Together, these projects dropped San Diego’s dependence on Metropolitan Water District imports from over 90% in the 1990s to around 40% today. That’s a remarkable shift for a region that was once almost entirely at the mercy of imported aqueduct water.
PFAS Contamination at MCAS Miramar
Marine Corps Air Station Miramar sits on 23,000 acres roughly 14 miles north of downtown San Diego. Like military installations across the country, Miramar used aqueous film-forming foam (AFFF) containing per- and polyfluoroalkyl substances (PFAS) for decades in firefighting training and emergency response.
The Department of Defense has confirmed PFAS detections in groundwater at and near MCAS Miramar. The base is among hundreds of military sites nationwide under investigation for PFAS contamination. In 2024, the EPA finalized enforceable maximum contaminant levels (MCLs) for six PFAS compounds in drinking water, including PFOS and PFOA at 4 parts per trillion each — levels far below what’s been detected at many military-adjacent sites.

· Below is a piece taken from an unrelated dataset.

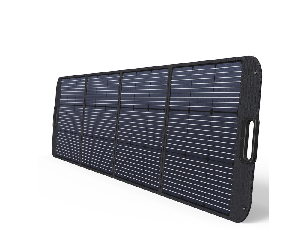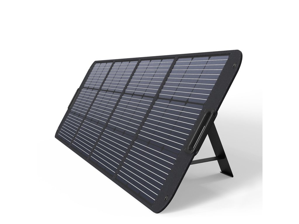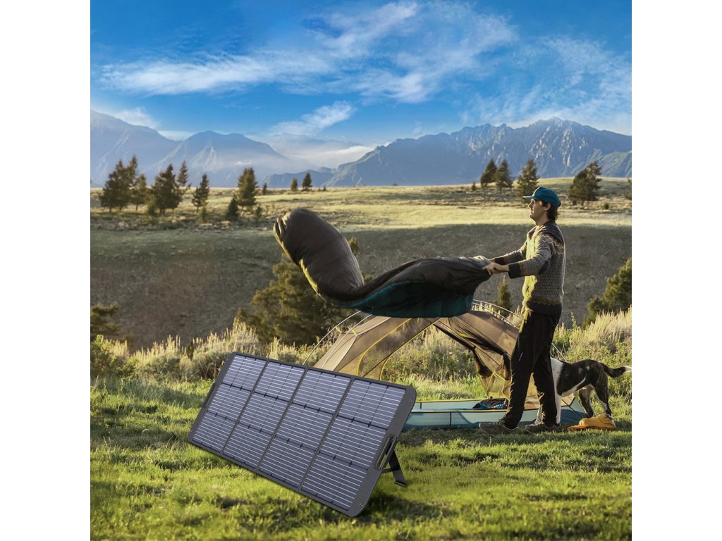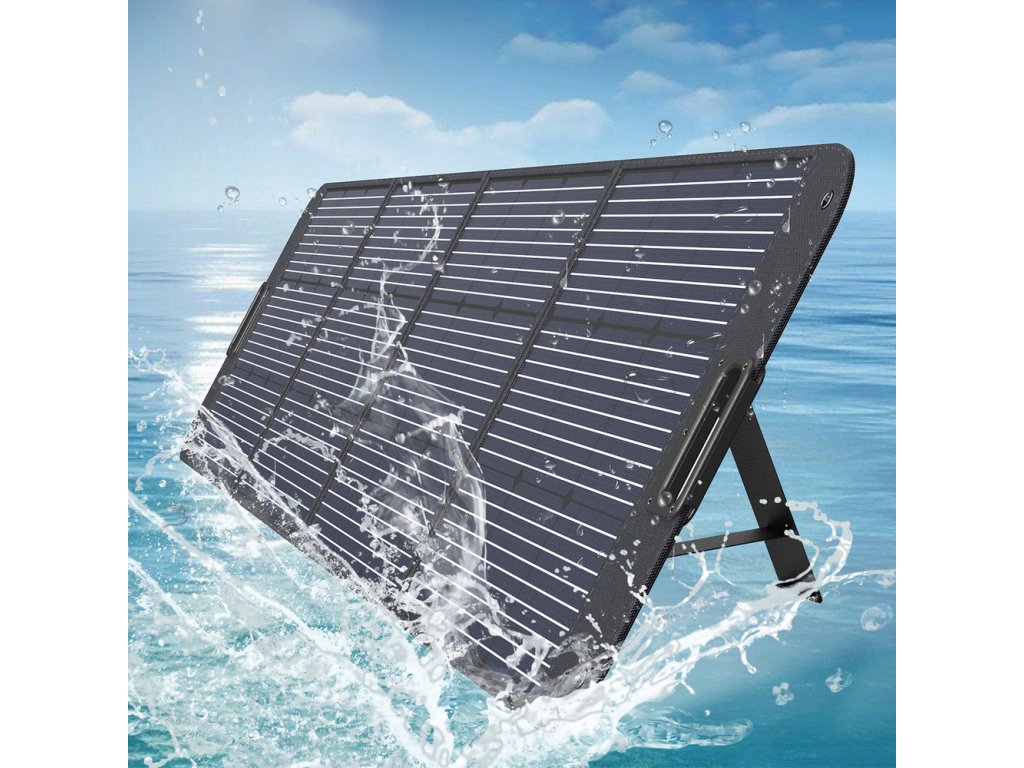 - Je velmi výkonným zdrojem elektřiny. Přenosný solární panel má vestavěné vysoce účinné články napájené sluneční energií a stojánky, které nastaví panel pod nejoptimálnějším úhlem 45 stupňů

San Diego’s municipal water system draws primarily from imported surface water rather than local groundwater, which limits direct exposure from Miramar’s contamination plume for most residents. But the situation is different for communities relying on local wells, and the contamination raises questions about future groundwater use as the city invests in local supply.
MCAS Miramar also hosts one of the nation’s largest landfills — the West Miramar Landfill — which has its own history of groundwater contamination concerns, including volatile organic compounds and landfill leachate.
Hard Water and Disinfection Byproducts
San Diego’s drinking water is among the hardest in California. The city reports typical hardness of 16 to 18 grains per gallon (272–284 parts per million), owing to the mineral content of imported Colorado River water. While hard water doesn’t pose a health risk, it drives significant residential demand for water softeners and creates scale buildup in plumbing and appliances.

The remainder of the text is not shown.